In general, you don't really get to compact tombstones meaningfully without consensus so you really are pushing at least remnants of the entire log around to each client indefinitely. You also can't easily upgrade your db you're stuck looking after legacy data structures indefinitely - or you have to impose arbitrary cut off points.
List CRDTs - which text CRDTs are built from are probably unavoidable except for really really simple applications. Over the last 15 years they have evolved, roughly: WOOT (paper) -> RGA (paper) -> YATA (paper) / YJS (js + later rust port) -> Peritext (paper) / Automerge (rust/js/swift) -> Loro (Rust/js). Cola (rust) is another recent one.
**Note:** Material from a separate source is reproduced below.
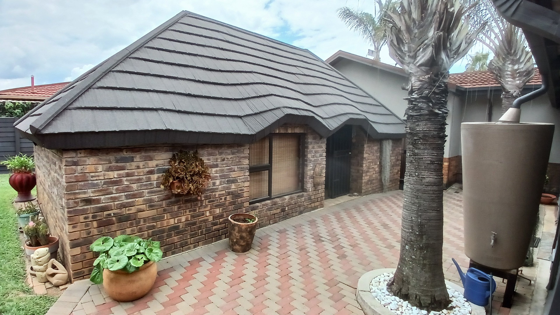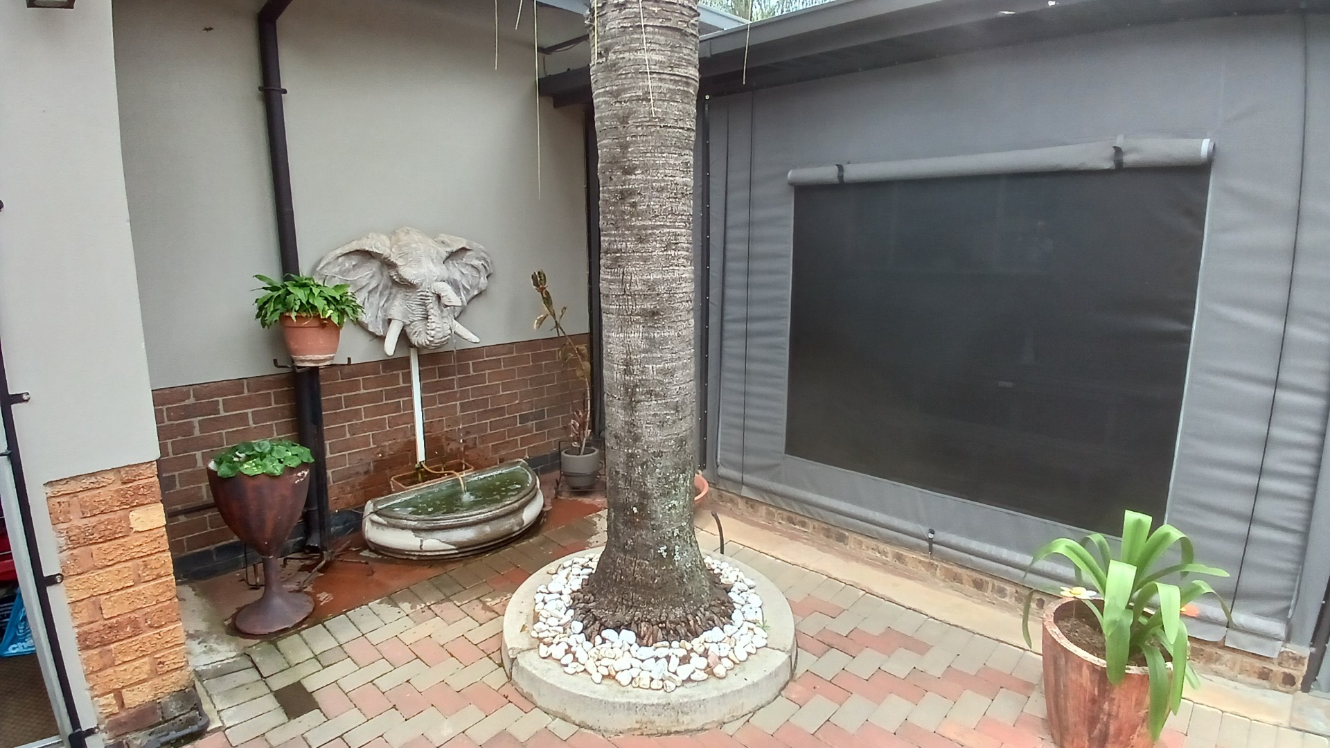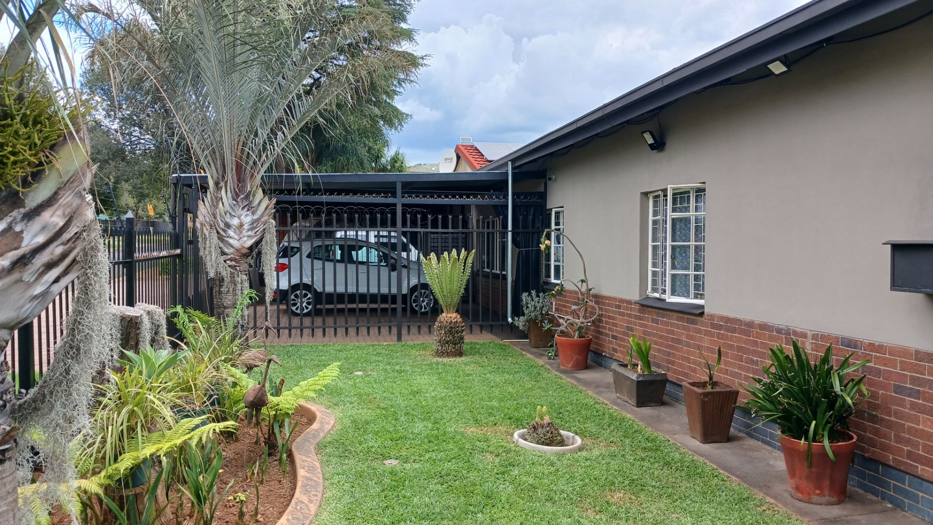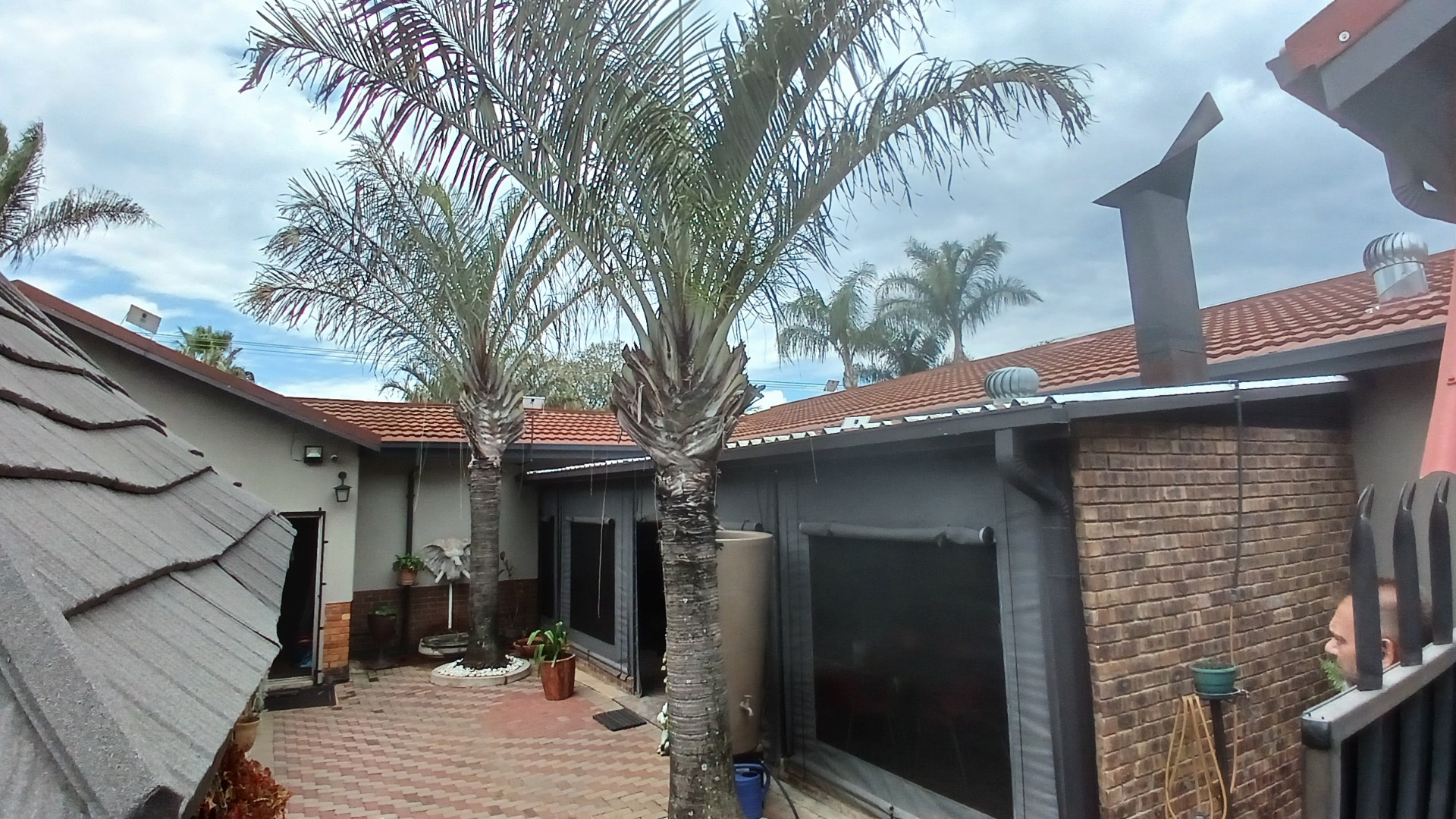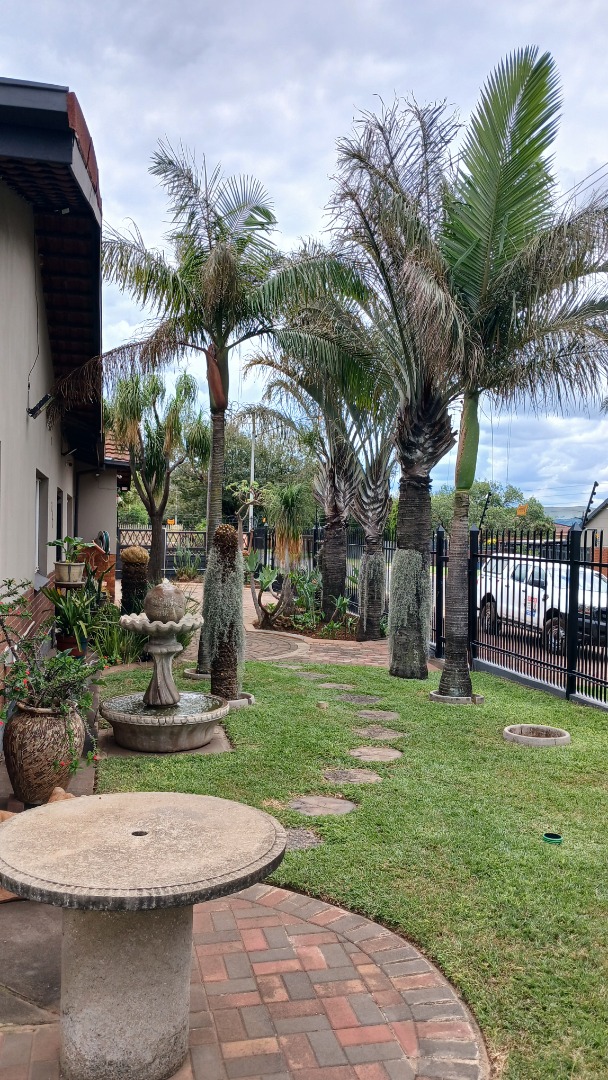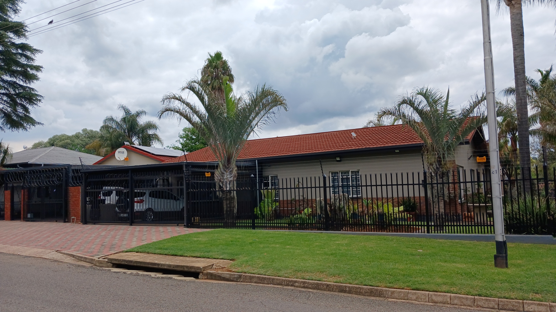 Nestled on a prominent corner lot in Pretoria Gardens, this single-story residence immediately impresses with its well-maintained landscaping, mature palm trees, and attractive tiled roof. The secure black perimeter fencing and access gate provide a welcoming yet protected entrance, setting the stage for a comfortable family lifestyle. Step inside to discover a thoughtfully designed interior spanning 436 sqm, featuring a warm and inviting ambiance. The home boasts a spacious lounge, a dedicated dining room, and an additional family TV room, offering versatile living spaces for relaxation and entertainment. Distinctive wooden panel ceilings add character throughout, complemented by ample natural light from large windows. A functional home office or study provides a quiet space for productivity, complete with built-in wooden cabinetry. The heart of the home, the kitchen, is equipped with extensive dark wooden cabinetry, generous L-shaped counter space, an integrated double oven, and a gas hob on a peninsula, perfect for culinary enthusiasts. A double stainless steel sink and ample storage ensure practicality. Accommodation comprises three comfortable bedrooms, including one with an en-suite bathroom, ensuring privacy and convenience. A total of two well-appointed bathrooms serve the household. The property sits on a generous 991 sqm erf, offering ample outdoor space. Enjoy outdoor living with a charming lapa and a built-in braai, ideal for entertaining. The well-maintained garden, complete with an irrigation system and borehole, ensures lush greenery year-round. Parking is abundant with two garages and additional space for five vehicles, all accessible via a paved driveway. For leisure, a jacuzzi provides a perfect spot for relaxation. Security is paramount, featuring electric fencing, an alarm system, CCTV, burglar bars, and a security gate, providing peace of mind. This home is also equipped for sustainable living with a solar geyser, water tanks, a battery inverter, and solar panels, significantly reducing utility costs. Fibre connectivity is available, catering to modern communication needs. Located in the metropolitan area of Pretoria, Pretoria Gardens offers a convenient and established residential setting, providing easy access to local amenities and transport routes. Key Features: * 3 Bedrooms, 2 Bathrooms (1 En-suite) * Spacious Lounge, Dining Room & Family TV Room * Dedicated Home Study * Well-equipped Kitchen with Integrated Double Oven & Gas Hob * Lapa with Built-in Braai & Jacuzzi * 2 Garages & 5 Additional Parking Spaces * Advanced Security: Electric Fencing, Alarm, CCTV, Burglar Bars * Sustainable Living: Solar Geyser, Solar Panels, Battery Inverter, Borehole, Water Tanks * Fibre Ready * Pets Allowed

The big libs (yjs, automerge, loro) offer full doc models.
Mostly the later ones improve on space, time & intent capture (not interleaving concurrent requests).
The same few guys (Martin Kleppman, Kevin Jahns, Joseph Gentle, probably others) pop up all over the more recent optimisations.
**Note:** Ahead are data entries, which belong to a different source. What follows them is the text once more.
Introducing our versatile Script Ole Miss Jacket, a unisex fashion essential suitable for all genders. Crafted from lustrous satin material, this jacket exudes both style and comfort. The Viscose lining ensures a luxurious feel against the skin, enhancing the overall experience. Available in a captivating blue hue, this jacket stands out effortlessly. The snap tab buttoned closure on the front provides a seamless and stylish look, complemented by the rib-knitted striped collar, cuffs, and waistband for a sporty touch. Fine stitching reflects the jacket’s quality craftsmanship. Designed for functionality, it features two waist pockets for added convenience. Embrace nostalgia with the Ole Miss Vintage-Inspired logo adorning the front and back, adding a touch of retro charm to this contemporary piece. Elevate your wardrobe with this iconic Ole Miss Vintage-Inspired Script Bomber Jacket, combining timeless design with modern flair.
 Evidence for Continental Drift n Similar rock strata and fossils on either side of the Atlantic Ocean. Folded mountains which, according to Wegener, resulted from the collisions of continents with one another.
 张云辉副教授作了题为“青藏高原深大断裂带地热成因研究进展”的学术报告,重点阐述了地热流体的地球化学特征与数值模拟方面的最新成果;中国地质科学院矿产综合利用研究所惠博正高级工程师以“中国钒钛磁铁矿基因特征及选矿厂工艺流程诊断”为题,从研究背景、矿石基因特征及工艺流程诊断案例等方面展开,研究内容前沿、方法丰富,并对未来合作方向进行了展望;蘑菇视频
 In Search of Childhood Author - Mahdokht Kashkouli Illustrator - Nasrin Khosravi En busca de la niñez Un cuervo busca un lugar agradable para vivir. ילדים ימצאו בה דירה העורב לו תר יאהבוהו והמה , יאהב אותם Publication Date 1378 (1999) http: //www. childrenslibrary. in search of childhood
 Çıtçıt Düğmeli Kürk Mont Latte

It would be interesting to try again now.
1) Counters
While not really useful, they demonstrate this well:
- mutations are +n and -n
- their order do not matter
- converging the state is a matter of applying the operations of remote peers locally
2) Append-only data structuresUseful for accounting, or replication of time-series/logs with no master/slave relationship between nodes (where writes would be accepted only on a "master" node).
- the only mutation is "append"
- converging the state is applying the peers operations then sorting by timestamp
EDIT: add more3) Multi Value registers (and maps)
Similar to Last-Write-Win registers (and maps), but all writes are kept, the value becomes a set of concurrent values.
4) Many more...
Each is useful for specific use cases. And since not everybody is making collaborative tools, but many are working on distributed systems, I think it's worth it to mention this.
On another note, the article talks about state based CRDTs, where you need to share the whole state. In the examples I gave above, they are operation based CRDTs, where you need to share the operations done on the state and recompute it when needed.
For example, in the Elixir ecosystem, we have Horde ( https://hexdocs.pm/horde/readme.html ) which allows distributing a worker pool over multiple nodes, it's backed by DeltaCrdt ( https://hexdocs.pm/delta_crdt/DeltaCrdt.html ).
Delta-CRDTs are an optimization over state based CRDTs where you share state diffs instead of the whole state (described in this paper: https://arxiv.org/pdf/1603.01529 ).
Also a really well written piece.
An interactive intro to CRDTs - https://news.ycombinator.com/item?id=37764581 - Oct 2023 (130 comments)
Edit: I had an excerpt here which I completely misread. Sorry.